Thursday, 13 October 2011

Too late, minister

Andrew Lansley, the Secretary of State for Health, is all over the media today criticising findings by the Care Quality Commission that has found 20% of NHS hospitals mistreating the elderly and failing to feed and hydrate patients properly. The minister speaks as if it's a bit of a shock to him.

And yet, last February I made a film for Channel 4's Dispatches that highlighted this problem. After the programme was shown I sent the minister a petition signed by 4000 people asking him to do something about the issue. I did not receive even the courtesy of a reply from Mr Lansley. And yet, today, the minister claims he wants to encourage whistleblowers and to stop patients being starved when in the care of the NHS. Incredible.

Only now that the minister's position is threatened is he willing to do anything. It's shameful behaviour.

Wednesday, 31 August 2011

On yer bike!

Yesterday I was watching a rerun of Francesco’s Italy, a charming programme following the journey of Francesco da Mosta around his home country. Last night he reached Naples. The busy streets were packed with mopeds and pushbikes. No one was wearing a crash helmet and often there were three to a bike or even young children riding on the crossbar of the pushbikes. As far as I could tell, no one was injured and the population of Naples hasn’t been decimated by this cavalier attitude to road safety.

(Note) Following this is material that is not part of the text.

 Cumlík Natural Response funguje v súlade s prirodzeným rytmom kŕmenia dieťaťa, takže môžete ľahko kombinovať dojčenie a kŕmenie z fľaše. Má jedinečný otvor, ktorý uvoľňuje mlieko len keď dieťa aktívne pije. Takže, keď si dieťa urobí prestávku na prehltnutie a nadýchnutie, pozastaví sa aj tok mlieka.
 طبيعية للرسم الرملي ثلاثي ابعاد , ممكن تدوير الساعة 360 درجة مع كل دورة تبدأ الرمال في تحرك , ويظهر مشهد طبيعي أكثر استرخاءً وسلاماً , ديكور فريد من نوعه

Contrast this with the news that a father of a two-year-old boy was fined £200 for carrying his son on a crossbar seat on his bicycle in Burton, Staffordshire. The seat was bolted to the crossbar and further fastened using duct tape. The child was wearing a cycle helmet. Ghulam Murtza was handed a fixed-penalty notice by a police officer for the offence which he duly ripped up and threw on the floor in disgust. He was then handed another fixed penalty notice for littering.

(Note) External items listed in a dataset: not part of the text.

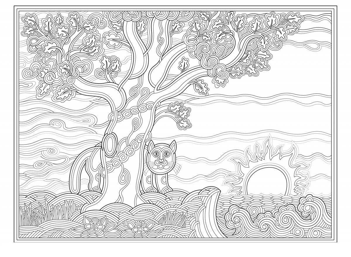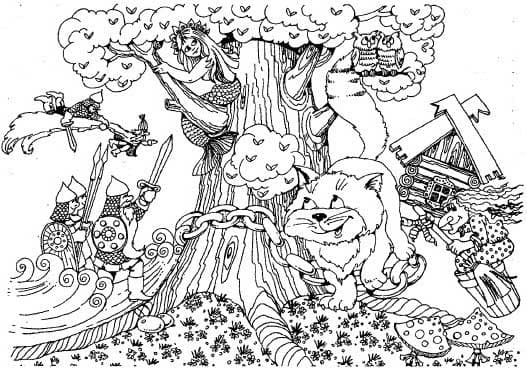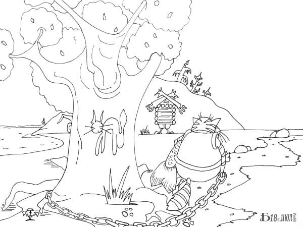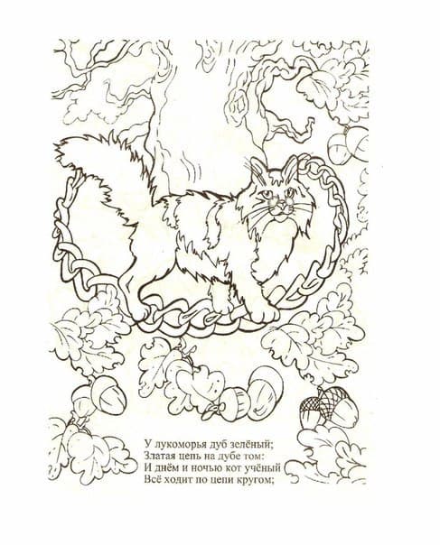 У лукоморья дуб зеленый - стих великого русского поэта, Александра Сергеевича Пушкина. При помощи этих раскрасок Ваш ребенок сможет визуально ознакомиться с творчеством Пушкина и почувствовать себя настоящим художником. В это разделе Вы сможете увидеть большой дуб с цепью и мудрого кота с русалкой, бабу ягу в ступе и огромного трехглавого дракона - змея горыныча. Так же тут находятся раскраски кощея, смерть которого находится в игле, а игла в яйце. На нашем сайте Вы можете совершенно бесплатно скачать и распечатать раскраску у лукоморья дуб зеленый в хорошем качестве.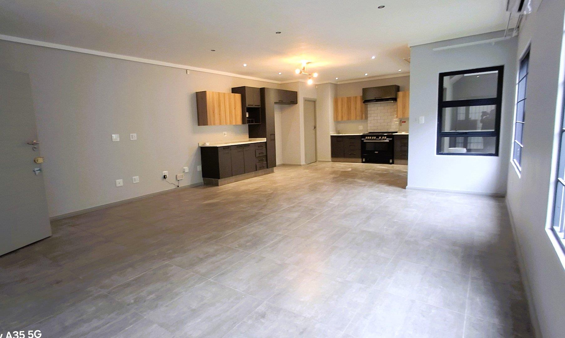 The heart of the home features a stunning kitchen that opens into a spacious lounge area, seamlessly connecting to a versatile braai/barbecue room. This dynamic space can be fully integrated into the living area, creating an ideal setting for entertaining guests. A conveniently located guest bathroom is also included on this level.
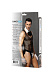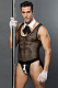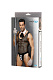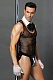 Майка с глубоким вырезом из крупной сетки подчеркивает рельеф грудной клетки. Воротник на кнопке, декорированный галстуком-бантом, расстегивается одним движением руки. Трусы-джоксы (с открытыми ягодицами) и откидывающимися фалдами на широких эластичных резинках делают образ незабываемым. Контрастный декор и пуговицы грамотно расставляют акценты. В комплекте: топ, воротник с галстуком, трусы и перчатки.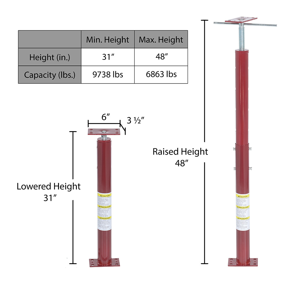 Height Minimum/Maximum (in.): 31 to 48 Minimum Height Capacity (lb.): 9738 Maximum Height Capacity (lb.): 6863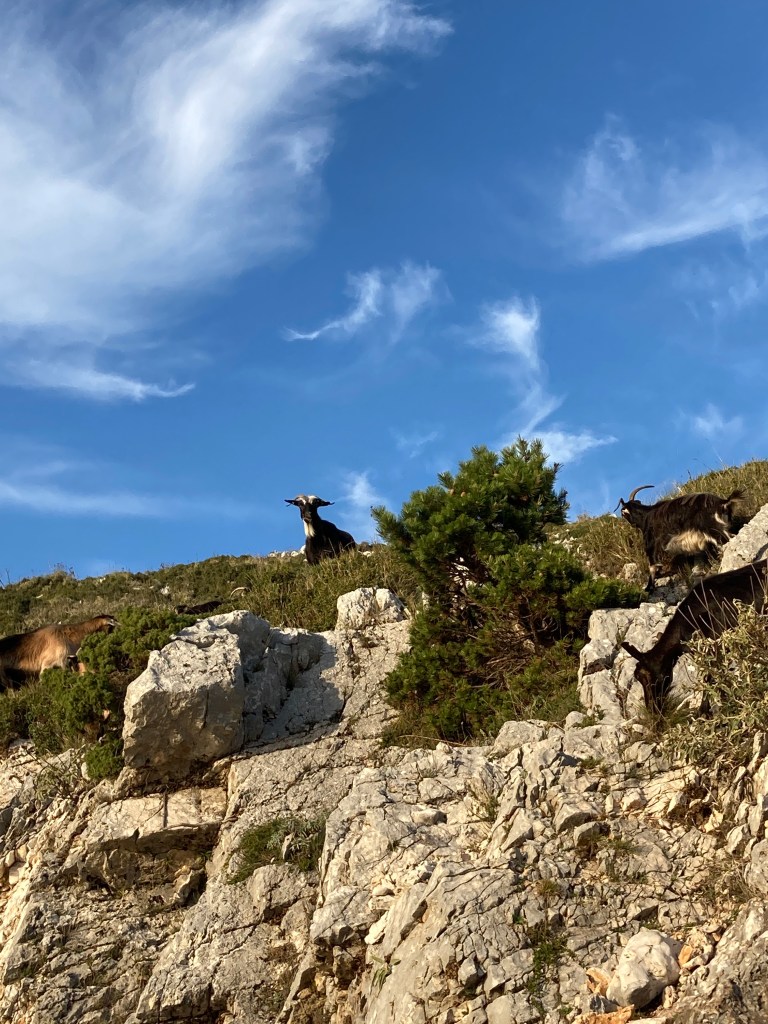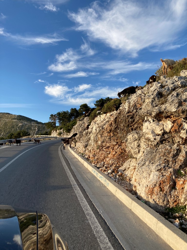Near the top of this steep pass was a small parking area with a viewpoint, where we observed all of this. While we drank in this view, we heard the clanging of cowbells. Faint at first, but they grew louder and grew in number. Behind us, coming over a lip in the hill was a herd of goats. There must have been two or three hundred. They baah-ed and whined and groaned as they slowly took over the entire road, blocking our way back. Among them was a single shepherd. Or herder. One guy ushering them. We had to shoo some goats away to even get back in the car. It seemed an improbable path for them. Surely there was a better way through than literally up and over the entire mountain. But I know little of goat herding, so I just watched the spectacle with no further questions.

Technically Ghulam was in the wrong as, according to the Highway Code, the bicycle hadn’t been adapted to carry a passenger, although one could argue that as the seat was bolted to the cycle frame, it was an adaptation. At court Ghulam was fined £100 for the cycling offence, £85 costs and the pathetic £15 victim surcharge that automatically gets slapped on any fine in this country, just so a bunch of quangocrats can enjoy fat pensions and gilded salaries by pretending to care about crime.

Meanwhile, cycling groups throughout the country are supportive of people being able to carry children on bicycles, as we’re all supposed to be going green and reducing our carbon footprints by using cars less.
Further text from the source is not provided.